From: | Mike Elkins <MikeE@*********.COM> |
---|---|
Subject: | Server Prices (was Re: Hacking Security Tallies) |
Date: | Tue, 26 May 1998 15:33:15 -0500 |
>$2000 or so. I think the Alpha 500 Mhz is probably in the $5000 range
>(somebody check me on that), and IBM's SP-2's are considerably more
>expensive (Into the 100,000's) depending on how much memory they
>have and when you bought them.
>As far as mainframes go, I have no idea.
Well, you get what you pay for. $2000 gets you a PC. If you try to run
server software on a PC it sort of works, but if you push the load on it
up towards the maximum, it starts getting very flakey.

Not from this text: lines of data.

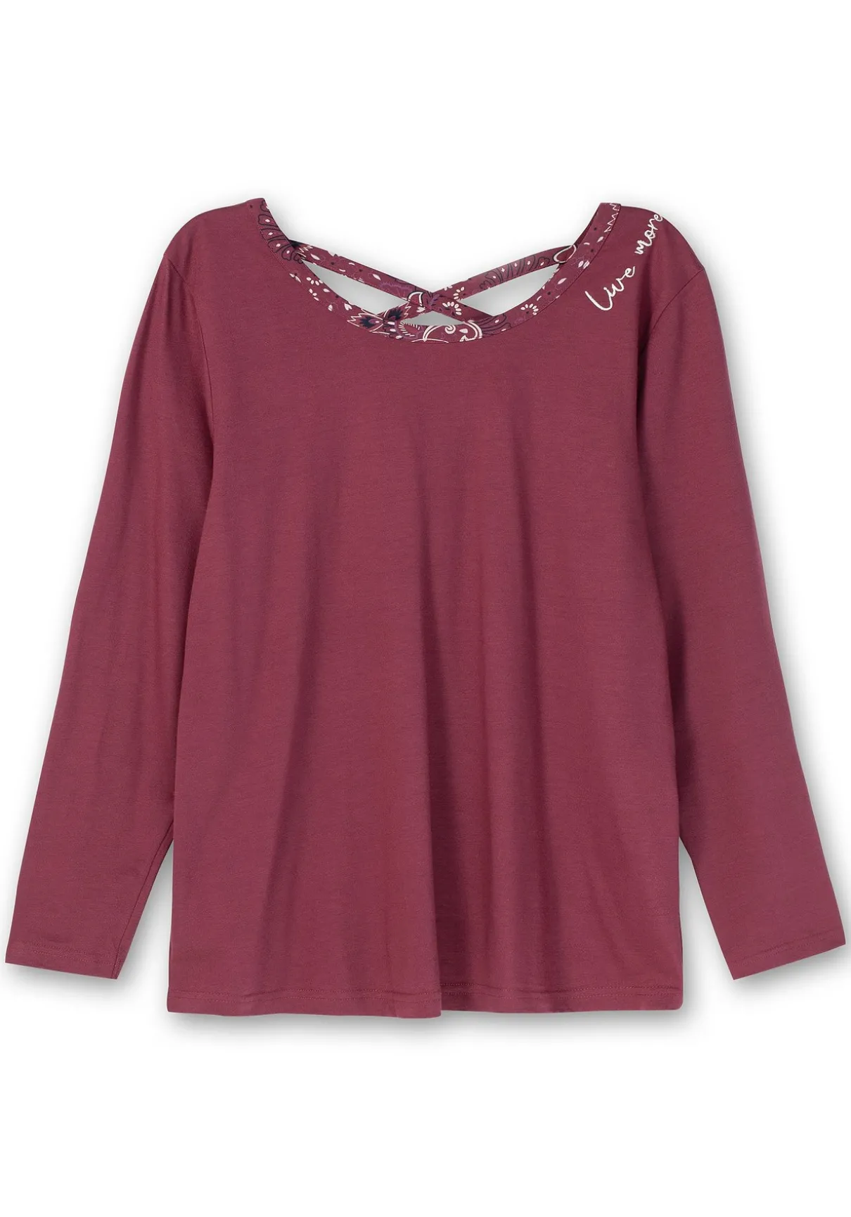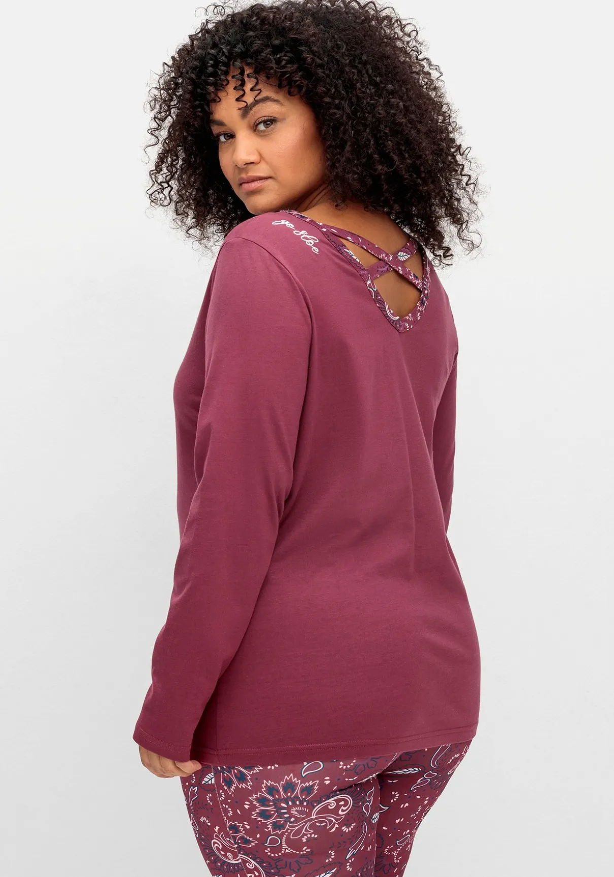 Langarmshirt von sheego by Joe Browns, mit bedrucktem Rundhals vorn. Hinten überrascht ein bedruckter, tieferer V-Ausschnitt, gekreuzte Bänder schmücken dekorativ die Rückenpartie. Ein Stickerei-Schriftzug setzt zusätzlich einen kontrastfarbenen Akzent. Mit passender Paisley-Hose aus unserer Homewear Kollektion macht den Loungewear-Look komplett.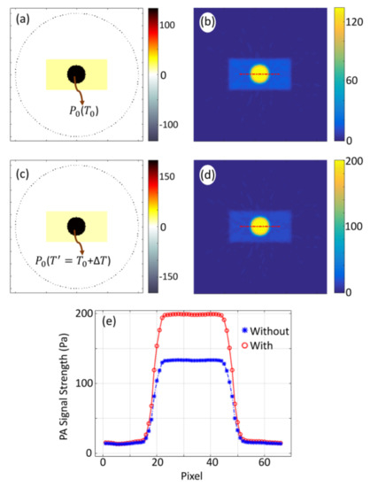 A circular target of radius ∼ having contrast in in comparison to that of the background is situated at the center of the background of area . This numerical sample represents the deep-seated inhomogeneous target illuminated with CW-laser (to raise the temperature) in the background tissue medium. A circular sensor (diameter ∼) of 145 identical detectors is collecting the PA-waves for reconstruction as it is done in our previous study [45]. Figure 1a presents a representative image of the distribution of initial PA-pressure waves () at a temperature (say, room temperature), while Figure 1c presents the same at a temperature where is the temperature raise due to pre-illumination. The values of corresponding to different concentration , absorption coefficient (), and optical power are taken from experiment. Figure 1b,d present the reconstructed images corresponds to Figure 1a,c. Variation of PA-signal along the marked lines, which are indicated in Figure 1b,d, plotted in Figure 1e. We estimate the strength of initial PA-pressure waves, for the reconstructed pressure distribution, as the average value over full width at the 75% of the maximum of the line plots and it is found to be at room temperature and at a temperature . (Here, ∆T is the temperature raise corresponding to a concentration of ∼7 ). From these values, PA-signal enhancement due to temperature raise is calculated as . In similar ways, we study variation PA-signal strength with change in temperature due to the changes in the physical parameters of the targets, and the results are plotted in Section 3.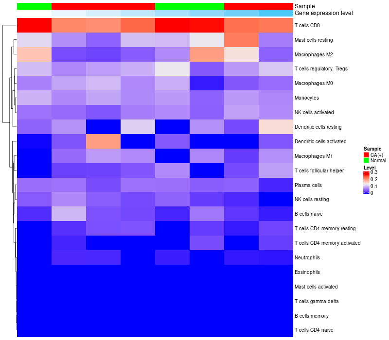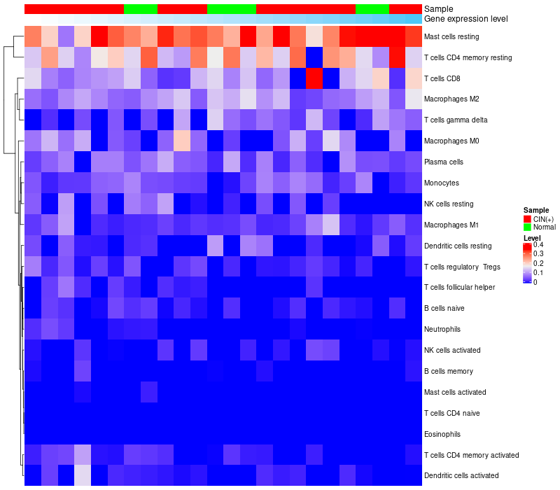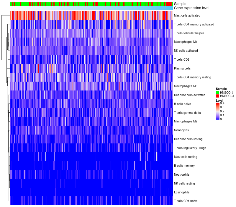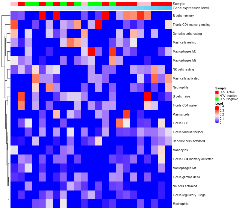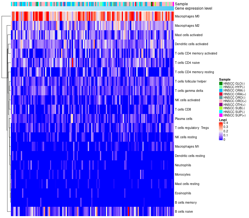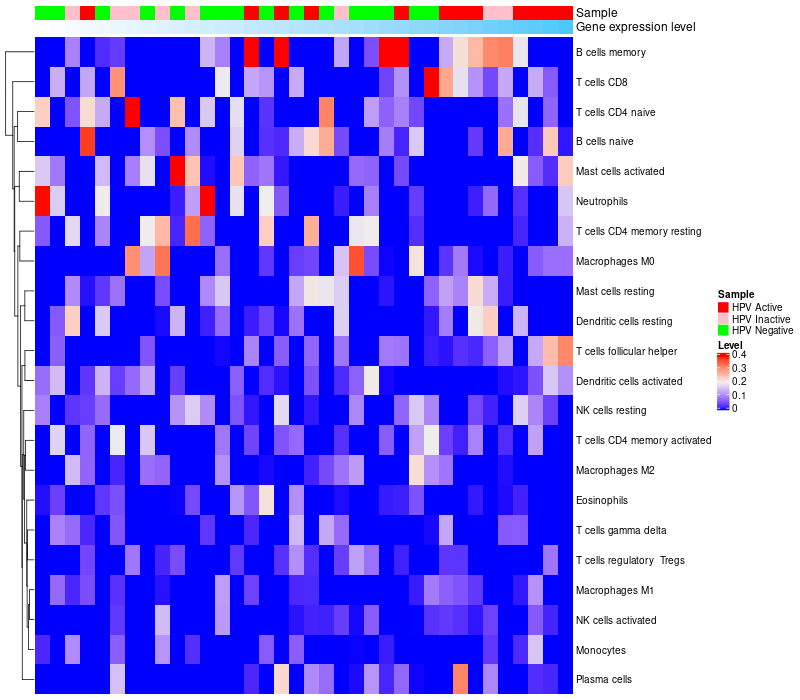 Lollipop of FAM156B expression and immune infiltrating cell level correlation result in HPV+ samples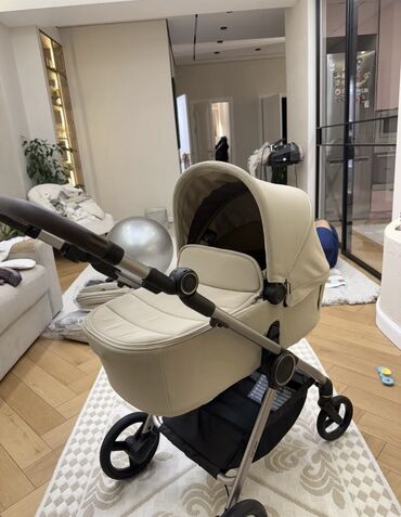 Универсальная коляска 2-в-1 (люлька + прогулочный блок) в бежевом цвете.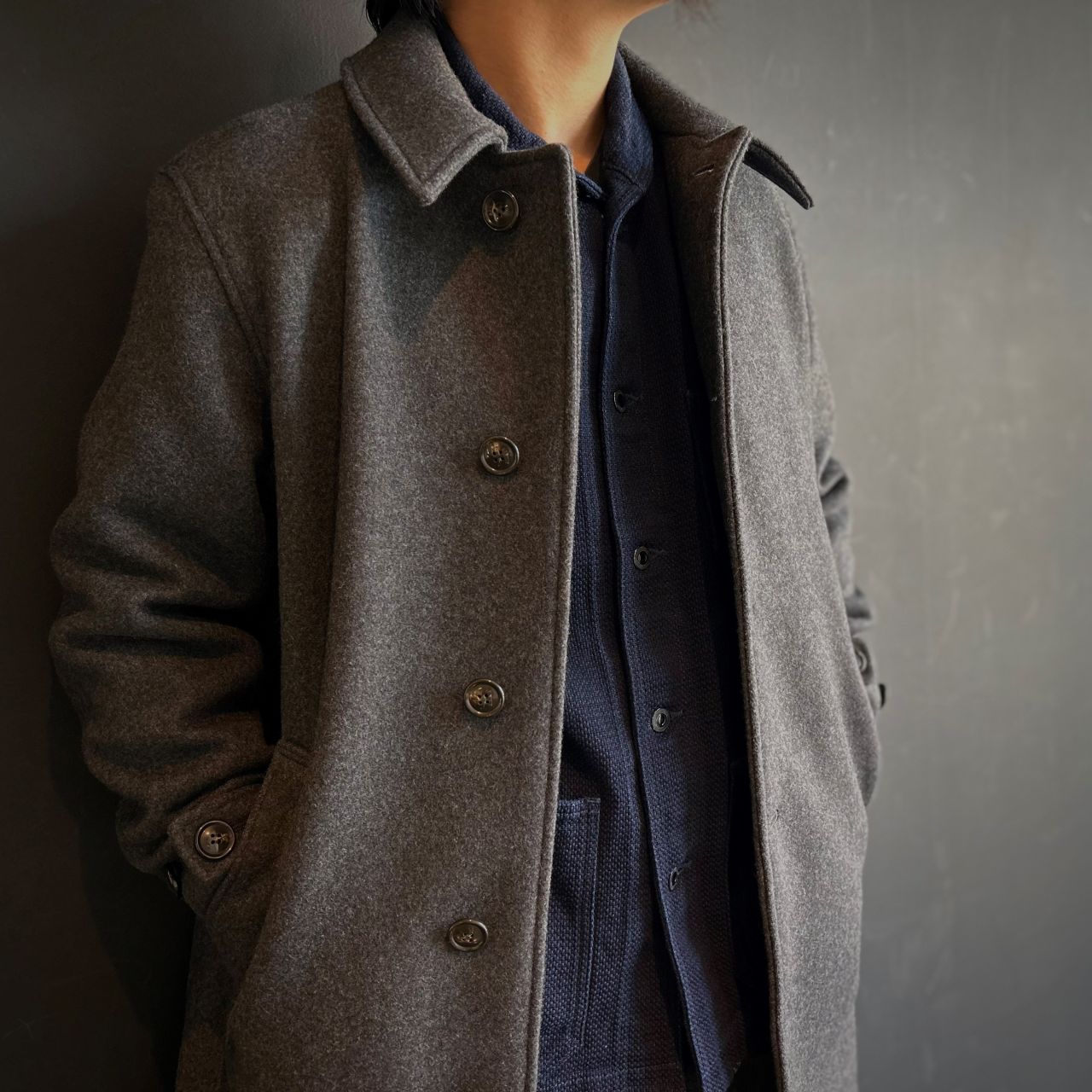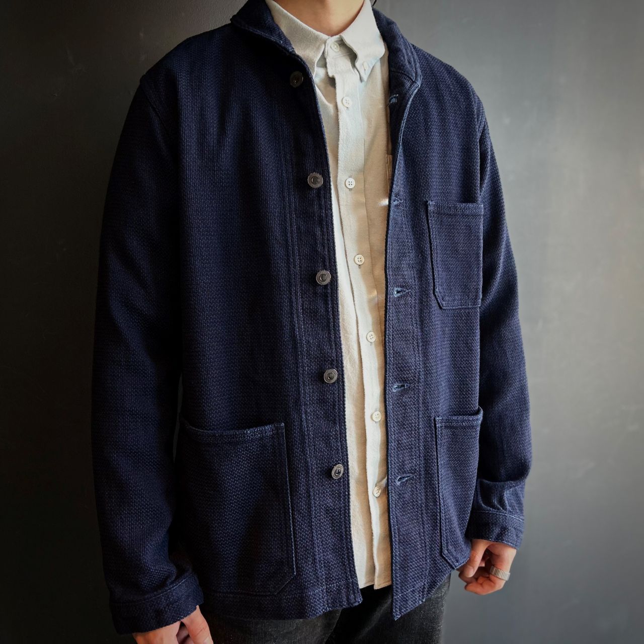 ドビー織、インディゴ染の落ち着いた生地感に対して、この黒ボタンはより全体をシックにまとめてくれるアイテムへと昇華させます。

Essentially there are 3 things that make a server a server, and not all
servers have all three, but that it what to aim for:
1) Reliability. You can expect a server to run 24 hours a day, 7 days a
week, for months or years at a time. Expect to pay at least $10,000 for
a PC with this kind of reliability.
2) Capacity: The ability to add lots and lots of disk space, RAM, CPUs
etc. You can add these to a PC, but expect to hit limits.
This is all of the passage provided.